Tag Archives: Metropolis

Fritz Lang’s Metropolis (1927)

A few months ago I went to a screening of the 1920 silent horror film The Cabinet of Dr Caligari at local venue the Old Woollen in Farsley. The film is a quintessential piece of German Expressionist cinema from over a century ago and a fascinating insight into celluloid creativity during the era of the Weimar Republic. As fun as it is, with its story of a mad hypnotist inducing a brainwashed somnambulist to commit murders, I wanted to look at an even more quintessential movie from the era, one that most people have come across at some point, the great 1927 science-fiction masterpiece, Metropolis, directed by Fritz Lang (1890-1976).

Lang has been cited as one of the most influential of filmmakers of all time, and he is credited with pioneering both the sci-fi genre (Metropolis, Woman in the Moon) and film noir (M). He didn’t shy away from producing epically long films, either, like the 4.5 hour Dr Mabuse the Gambler or the two-part Die Nibelungen based on the epic poem Nibelungenlied, but the one film that captures the zeitgeist of the auteur’s work is undoubtedly Metropolis.

It was written in collaboration with Lang’s wife Thea von Harbou and based on her 1925 novel of the same name. Metropolis is set in a futuristic urban dystopia prefiguring Blade Runner and bringing to mind themes from Orwell and indeed Mary Shelley with its own Frankenstein’s monster in the form of the scientist Rotwang’s iconic robot the Maschinenmensch.

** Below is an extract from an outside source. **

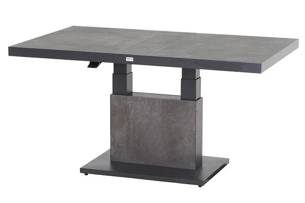 Der rechteckige Lifttisch Bellani bietet Ihnen und Ihren Lieben optimalen Komfort und verwandelt jedes gesellige Miteinander in ein Fest. Lassen Sie sich von der Robustheit und einzigartigen Qualität, kombiniert mit dem modernen und funktionalen Design begeistern. Der praktische Tisch ist ein wahres Multitalent, er ist ideal als Kaffee- und Esstisch einsetzbar. Er bietet mit Maßen von ca. 140 x 85 x 50/72 cm großzügig Platz für bis zu 4 Personen – so steht einem leckeren Brunch oder einem gemütlichen Kaffeekränzchen nichts im Wege. Durch einen Hebel unterhalb der Tischfläche können Sie den Tisch problemlos mittels eines Hydrauliksystems stufenlos höhenverstellen. Der Tischunterbau besteht aus Keramikplatten in dunkelgrau. Das Gestell wurde aus pulverbeschichtetem Aluminium in matt anthrazit hergestellt. Die Tischplatte in dunkelgrau ist aus Keramik und dadurch robust, pflegeleicht und dazu noch wetterfest – ideal für die Nutzung im Outdoor- und Innenbereich.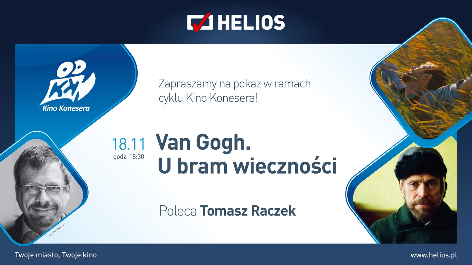 Najnowszy film Juliana Schnabla to zmysłowa opowieść o najbardziej owocnym i zarazem najbardziej dramatycznym okresie życia Vincenta Van Gogha (Willem Dafoe). Malarz szuka nowego miejsca do życia. Za namową przyjaciela wyjeżdża z Paryża do Arles w Prowansji. Tam, zafascynowany feerią barw i grą światła, niedoceniany artysta tworzy swoje najsłynniejsze obrazy. Tam też, błąkając się po malowniczych polach, niosąc sztalugę, pędzle i farby, stopniowo popada w obłęd, a przy tym zyskuje pewność, że sensem jego życia jest sztuka. Film odkrywa tajemnicę jego zagadkowej śmierci i przedstawia jako człowieka z krwi i kości, pełnego sprzeczności, wspieranego przez ukochanego brata i przyjaciela Paula Gauguina, z którym pod koniec życia popadł w śmiertelny konflikt. Opowiada o człowieku, który godzi się z własnym przeznaczeniem i wbrew wszelkim przeszkodom do końca idzie swoją ścieżką. W doborowej obsadzie znaleźli się Mads Mikkelsen, Emmanuelle Seigner, Oscar Isaac i Rupert Friend. Willem Dafoe w głównej roli stworzył najwybitniejszą kreację w swojej karierze. Nie tyle zagrał Van Gogha, co się nim stał, za co zasłużenie otrzymał nagrodę dla najlepszego aktora na festiwalu w Wenecji i nominację do Oscara.

Meanwhile, the film’s aesthetics, with Gothic touches, draw heavily from the Bauhaus, Cubist and Futurist design movements of the time. We see a world of colossal skyscrapers from which a wealthy elite lords it over the down-trodden masses of the underground who toil in abject conditions to keep the machines of the society running.

One day a member of this elite, one Freder Fredersen (Gustav Fröhlich), has an epiphany when presented with what life is like for the poor, by the saintly Maria (Brigitte Helm, who also plays the Maschinenmensch), and the two conspire to change the society and bring about social justice. As such, it can be construed as a rather simplistic morality tale, but there’s no simplicity in the stylisation and brilliant technical effects, which serve to create a remarkable world, both visually beautiful and powerful. Enjoy the theatrical trailer, below, with an excellent soundtrack by Gottfried Huppertz.

Fritz Lang

Otto Dix’s Metropolis Tryptych (1928)

The period, in Germany, between the end of World War I in 1918 and Hitler’s rise to power in 1933 is a fascinating one: there was a rapid emergence of innovation in the arts and sciences, embodied in the term “Weimar culture” (after the Weimar Republic, which was the unofficial designation for the German state at that time).

Luminaries in the sciences during the period included Albert Einstein, Werner Heisenberg and Max Born; Walter Gropius was busy inventing modern architecture and design with the Bauhaus movement; Ludwig Prandtl was pioneering aeronautical engineering. In the arts, German Expressionism was reaching its peak: Fritz Lang’s Metropolis expressed the public’s fascination with futurism and technology; concert halls were beginning to hear the atonal, modern experimental music of Kurt Weill and Arnold Schoenberg, whilst Bertolt Brecht was shaking up the theatre.

However, 1920s Berlin also had a dark underbelly and a reputation for decadence. There was a significant rise in prostitution, drug use, and crime. The cabaret scene, as documented by Britain’s Christopher Isherwood in his novel Goodbye to Berlin (which was eventually adapted into the musical movie, Cabaret), was emblematic of Berlin’s decadence. Many of the painters, sculptors, composers, architects, playwrights, and filmmakers associated with the time would be the same ones whose art would later be denounced as “degenerate art” (Entartete Kunst) by Adolf Hitler.

A new cultural movement started around this time, however – named New Objectivity (Neue Sachlichkeit). Its members turned away from the romantic ideals of German Expressionism and adopted instead an unsentimental perspective on the harsh realities of German society. A leading member of this movement was Otto Dix, and it is his paintings – satirical and at times savage – that I’m showcasing here. He wished to portray the decay of the post-war life; thus, frequent themes include the prostitutes and downtrodden of Berlin, their defects exaggerated to the point of caricature. He also painted many of the prominent characters from his milieu, in a style influenced by the dadaism and cubism art movements.

Here is a small selection of his art from the Weimar years, beginning with his 1928 tryptych, Metropolis (Großstadt), which incorporated crippled war veterans, prostitutes, musicians, dancers, and night club revellers into its three-panel indictment of contemporary Berlin life. Incidentally, when the Nazis came to power, Dix had to promise to paint only inoffensive landscapes: that must have been excruciating for him!